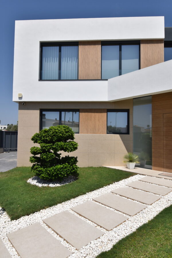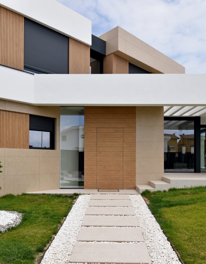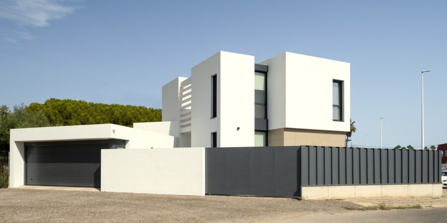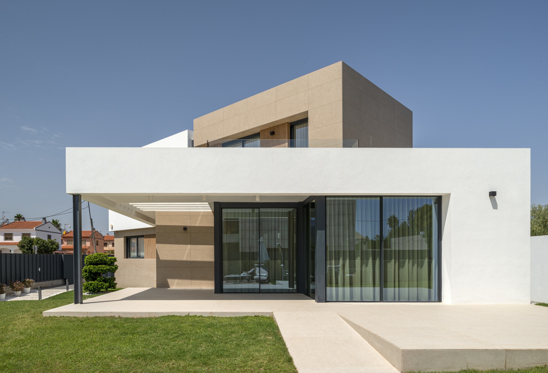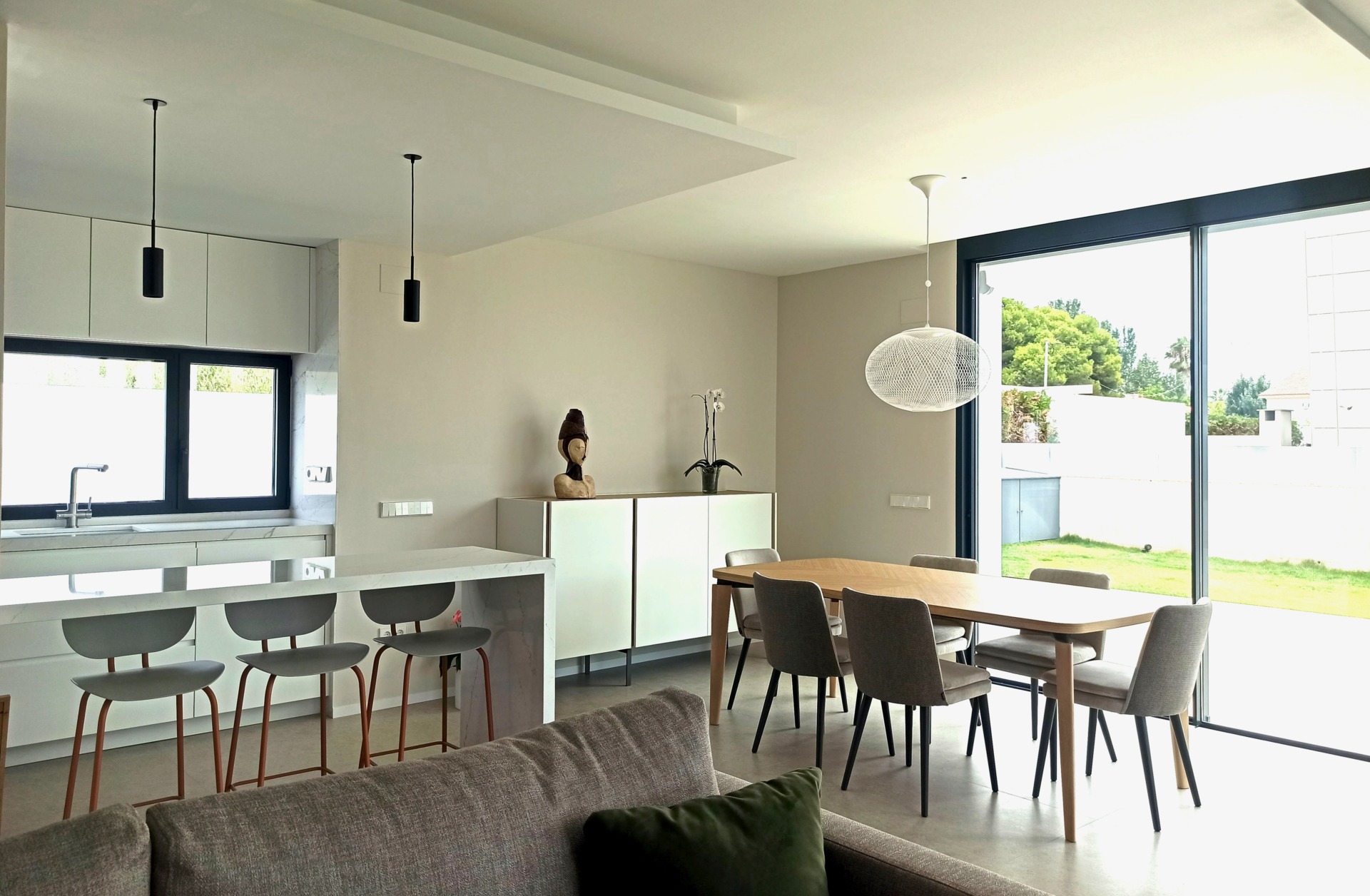 La vivienda se sitúa en una parcela sensiblemente cuadrada y cerca del mar. En la planta baja de este proyecto se ha buscado una forma en L abierta, para orientarse hacia el sur y hacia el espacio libre de parcela.
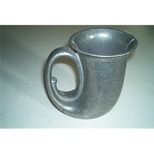 Displaying an unusal shaped Pewter cup with the tiny engraved name of: CARSON located on the inside of the cup. Large oval shaped rounded handle. Measurement are: 5 inches tall; depth measures 4 inches; base diameter measures 2 1/4 inches long by 2 inches wide. Excellent Condition.
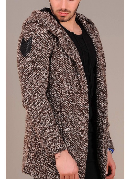 Kırçıllı Apoletli Hırka Kahve Beyaz
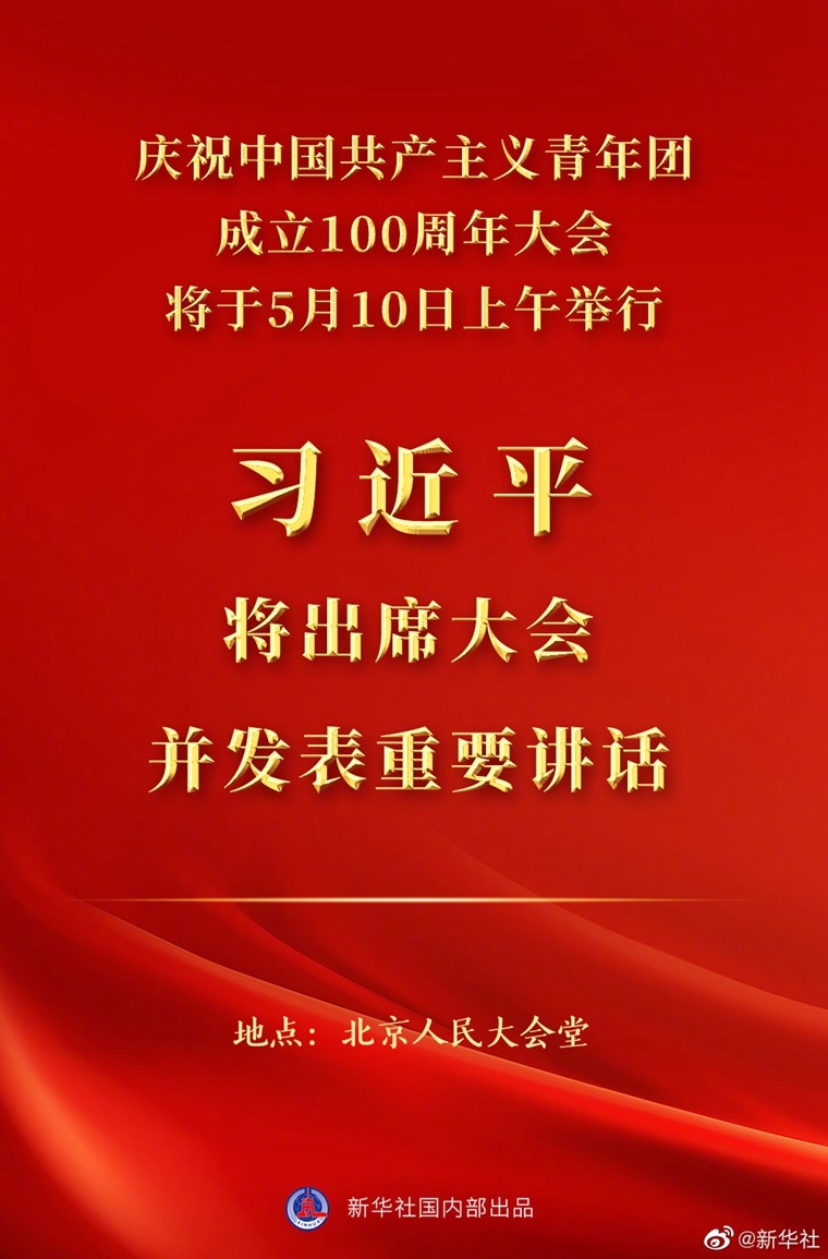 新華社北京5月8日電慶祝中國共產(chǎn)主義青年團(tuán)成立100周年大會將于5月10日上午在北京人民大會堂隆重舉行。中共中央總書記、國家主席、中央軍委主席習(xí)近平將出席大會并發(fā)表重要講話。
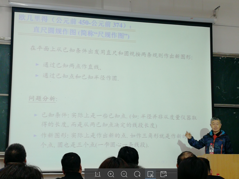 3月31日上午,在金家岭校区西一教111,华中师范大学樊恽教授应邀来Ky开元集团官网入口做了题为“几何作图——从欧几里得到高斯、伽罗瓦”的学术报告。报告由Ky开元集团官网入口院长高红伟主持,学院党委副书记张雪蕾、海进科教授、辅导员王珺鹏及2018级本科生近200人聆听报告会。此次报告为数统学院“师说新语”讲座2019年第二期,总第8期。
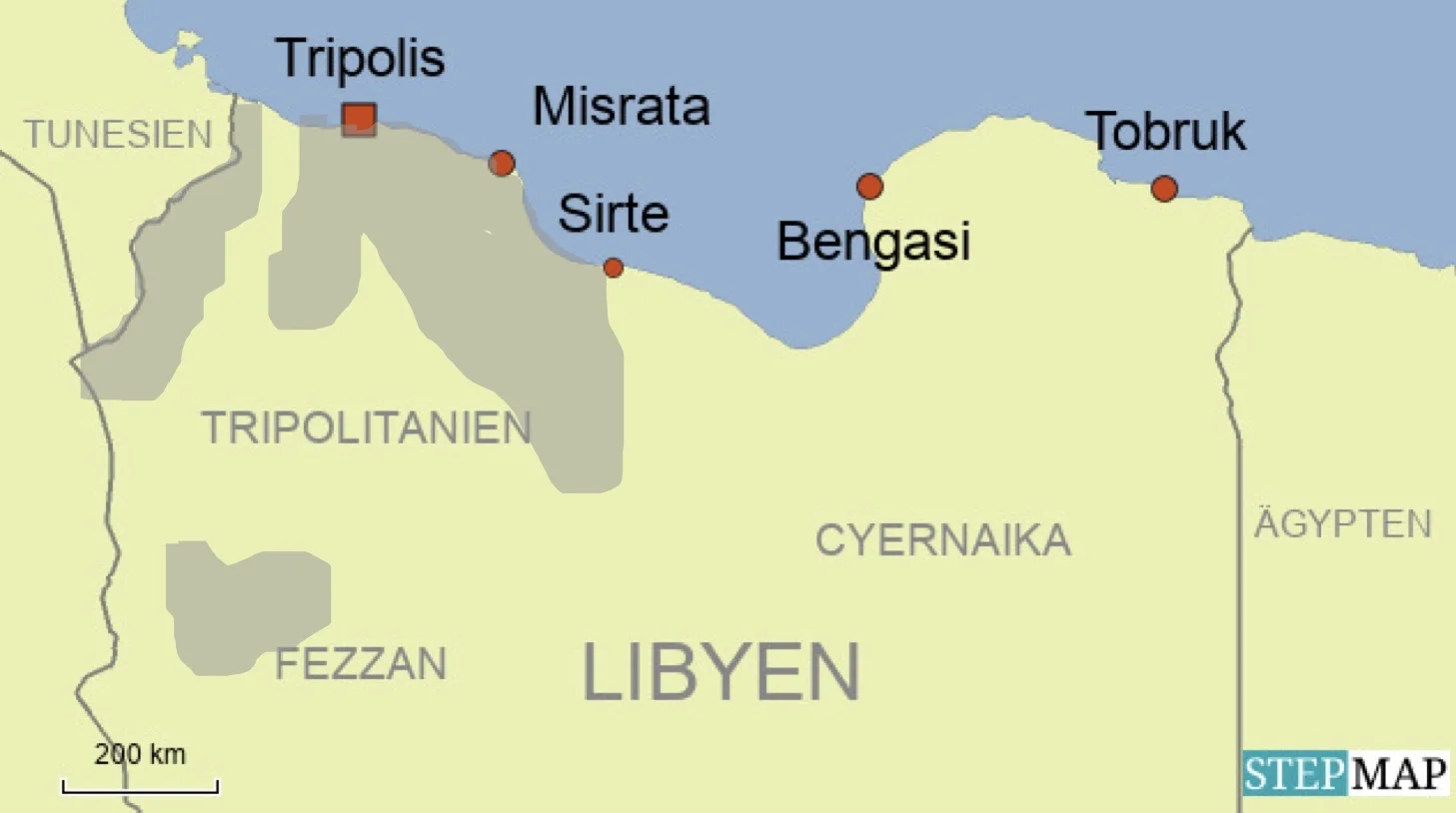 - Im Westen des Landes, in der Hauptstadt Tripolis und ihrer Umgebung, dominiert die international anerkannte Regierung von Präsidend Fayiz as-Sarraj (sprich: Sarradsch). Er wird von der Uno, Katar, der früheren Kolonialmacht Italien und neuerdings auch von der Türkei unterstützt.
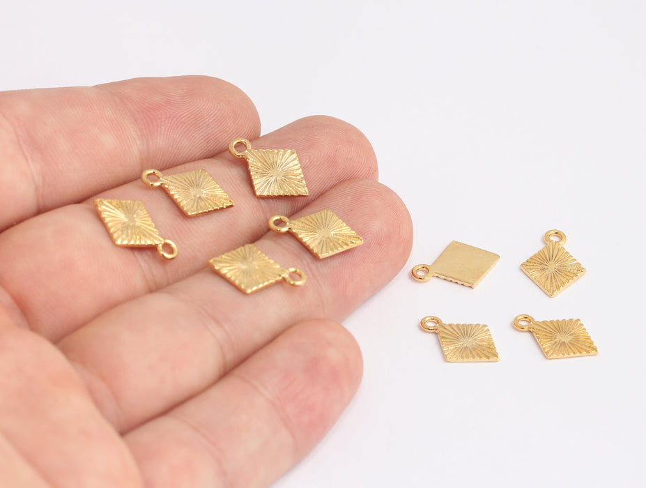 11x15mm 24 Ayar Parlak Altın Oyun Kartı Tılsımları, Elmas Sembollü Boncuklar, KDR103-2
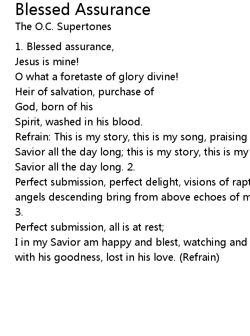 I in my Savior am happy and blest, watching and waiting, looking above, filled with his goodness, lost in his love. (Refrain) |
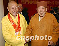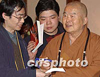 組圖:法門寺佛指舍利赴臺供奉新聞發(fā)布會 2002年02月22日 09:54 ![]() 法門寺佛指舍利赴臺供奉新聞發(fā)布會,日前在西安喜來登大酒店舉行,中國佛教協會等有關人士和臺灣佛教人士以及來自大陸、港臺的眾多記者參加了發(fā)布會。圖為臺灣惟覺法師與法門寺凈一方丈在發(fā)布會上。中新社記者 錢興強 攝 ![]() 法門寺佛指舍利赴臺供奉新聞發(fā)布會,日前在西安喜來登大酒店舉行,中國佛教協會等有關人士和臺灣佛教人士以及來自大陸、港臺的眾多記者參加了發(fā)布會。圖為臺灣星云法師為賓客簽書。中新社記者 錢興強 攝
--
§ **WHAT THE TASK ASKS**
Transcribe the preceding listing in its entirety and with exact wording, leaving out pictures.

§ **SOLUTION TO THIS TASK**
 La vivienda se sitúa en una parcela sensiblemente cuadrada y cerca del mar. En la planta baja de este proyecto se ha buscado una forma en L abierta, para orientarse hacia el sur y hacia el espacio libre de parcela.
 Displaying an unusal shaped Pewter cup with the tiny engraved name of: CARSON located on the inside of the cup. Large oval shaped rounded handle. Measurement are: 5 inches tall; depth measures 4 inches; base diameter measures 2 1/4 inches long by 2 inches wide. Excellent Condition.
 Kırçıllı Apoletli Hırka Kahve Beyaz
 新華社北京5月8日電慶祝中國共產(chǎn)主義青年團(tuán)成立100周年大會將于5月10日上午在北京人民大會堂隆重舉行。中共中央總書記、國家主席、中央軍委主席習(xí)近平將出席大會并發(fā)表重要講話。
 3月31日上午,在金家岭校区西一教111,华中师范大学樊恽教授应邀来Ky开元集团官网入口做了题为“几何作图——从欧几里得到高斯、伽罗瓦”的学术报告。报告由Ky开元集团官网入口院长高红伟主持,学院党委副书记张雪蕾、海进科教授、辅导员王珺鹏及2018级本科生近200人聆听报告会。此次报告为数统学院“师说新语”讲座2019年第二期,总第8期。
 - Im Westen des Landes, in der Hauptstadt Tripolis und ihrer Umgebung, dominiert die international anerkannte Regierung von Präsidend Fayiz as-Sarraj (sprich: Sarradsch). Er wird von der Uno, Katar, der früheren Kolonialmacht Italien und neuerdings auch von der Türkei unterstützt.
 11x15mm 24 Ayar Parlak Altın Oyun Kartı Tılsımları, Elmas Sembollü Boncuklar, KDR103-2
 I in my Savior am happy and blest, watching and waiting, looking above, filled with his goodness, lost in his love. (Refrain) |
 組圖:法門寺佛指舍利赴臺供奉新聞發(fā)布會 2002年02月22日 09:54 ![]() 法門寺佛指舍利赴臺供奉新聞發(fā)布會,日前在西安喜來登大酒店舉行,中國佛教協會等有關人士和臺灣佛教人士以及來自大陸、港臺的眾多記者參加了發(fā)布會。圖為臺灣惟覺法師與法門寺凈一方丈在發(fā)布會上。中新社記者 錢興強 攝 ![]() 法門寺佛指舍利赴臺供奉新聞發(fā)布會,日前在西安喜來登大酒店舉行,中國佛教協會等有關人士和臺灣佛教人士以及來自大陸、港臺的眾多記者參加了發(fā)布會。圖為臺灣星云法師為賓客簽書。中新社記者 錢興強 攝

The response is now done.